With new vehicle sales on pace in 2012 to total more than 14 million – the highest since pre-Great Recession 2007- Ford Motor will pay a fourth-quarter dividend of $0.05 per share on the company’s outstanding Class B held by the Ford family – about 60 members – as well as common stock, which is languishing. The Ford dividend, payable on 3 December 2012, is for the same amount that was paid in each of the first three quarters of 2012, the first time a dividend was paid at Ford since December of 2006. More than 3.8 billion Ford shares are now outstanding because the Number Two U.S. automaker issued more shares of common during the Great Recession diluting common shares by at least 11%.
The move comes as Ford shares are trading just above $10 a share, down from a 52 week high of $13.05. On an annualized basis, this represents a return of 2%, which makes Ford look like a relative bargain in a market awash in Federal Reserve printed dollars and, as a result, record low interest rates for speculators and borrowers (See Ford Motor Q2 Profit Plummets $1.4 Billion as Europe, South American and Asia Continue to Hurt Earnings and Shareholders and Ford Family and Other Shareholders to Receive Dividends)
General Motors will also pay a quarterly dividend of $0.59375 per share on 3 December on its Series B mandatory convertible junior preferred stock that is held by the U.S. Treasury, which still owns 32% of the reorganized automaker. The total amount of the dividend is $59.4 million. GM shareholders of common stock have received no dividend since GM returned to public trading in 2010 after a taxpayer-funded bankruptcy reorganization that saved millions of jobs across the entire U.S. auto industry and its associated suppliers.

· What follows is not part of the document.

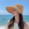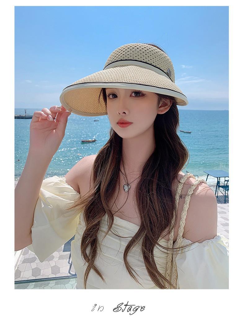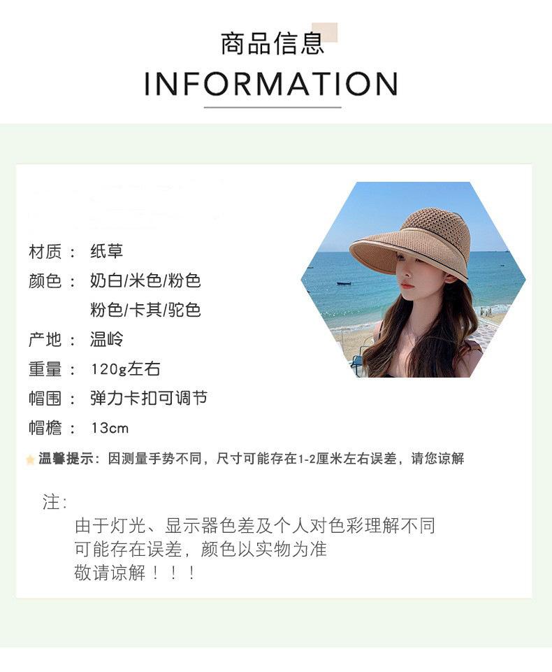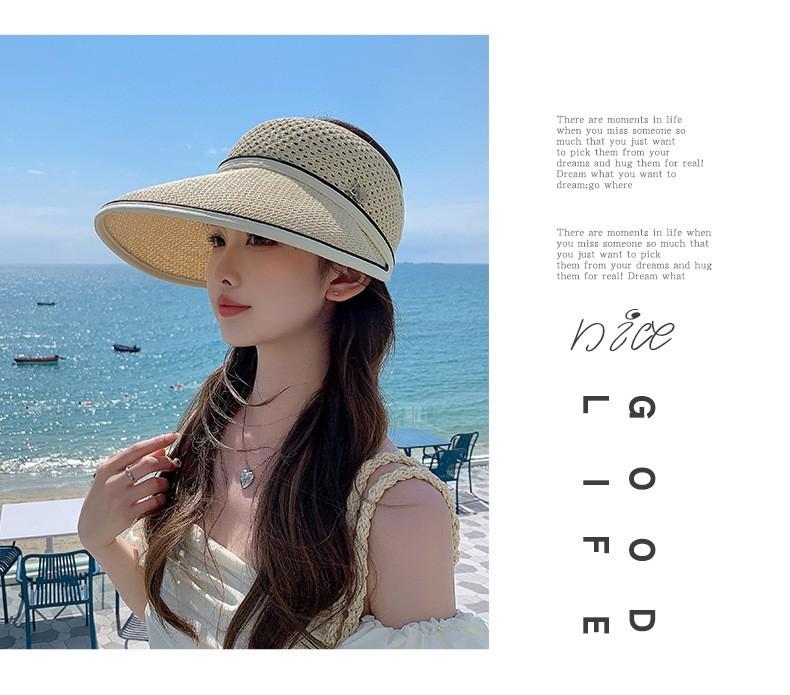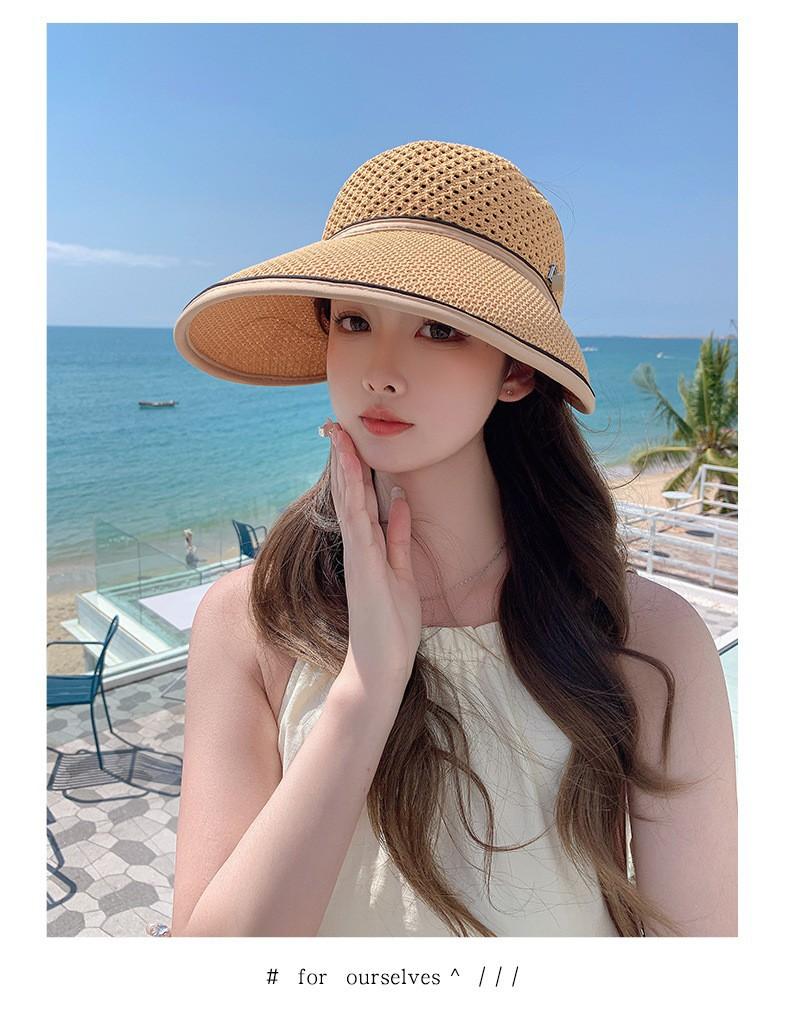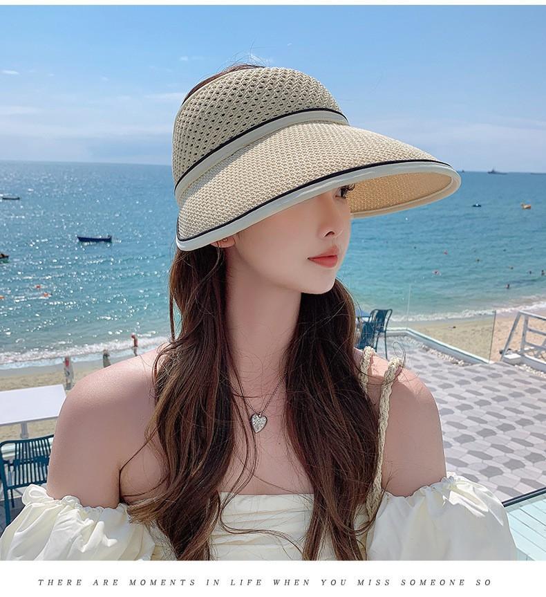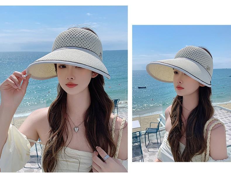 Sombrero de paja para mujer, de verano, con parte superior vacía, protección solar, hueco, transpirable, ala grande, cubre la cara, pequeño, para viajes al aire libre, sombrero para el sol en la playa.

GM’s 2012 Q2 income was $1.5 billion, or $0.90 per share of common on revenue $37.6 billion. The disappointing results compared to Q2 2011 where GM’s net income attributable to common stockholders was $2.5 billion, or $1.54 per fully diluted share. GM said the decrease was due almost entirely to the strengthening of the U.S. dollar versus other major currencies. Earnings before interest and tax (EBIT) adjusted was $2.1 billion, compared with $3.0 billion in the second quarter of 2011. (See GM Q2 Profits Drop to $1.5 Billion from $2.5 Billion as Its European Losses Grow. Revenue and Cash on Hand also Decreased and GM Europe President, Opel Head Karl Stracke Ousted over Losses and GM Posts Record $9.1 Billion Profit in 2011 – $7.6 Billion on Common )
GM common stock is selling for about $24, well down from the $33 price of GM’s 2010 initial public offering in November of 2010. Small investors subsequently bid up GM to $39 a share before reality of the company’s ongoing challenges took hold. In order for taxpayers to recoup their investment, GM stock would have to trade above $50 a share in a market strong enough for the government to sell its large stake.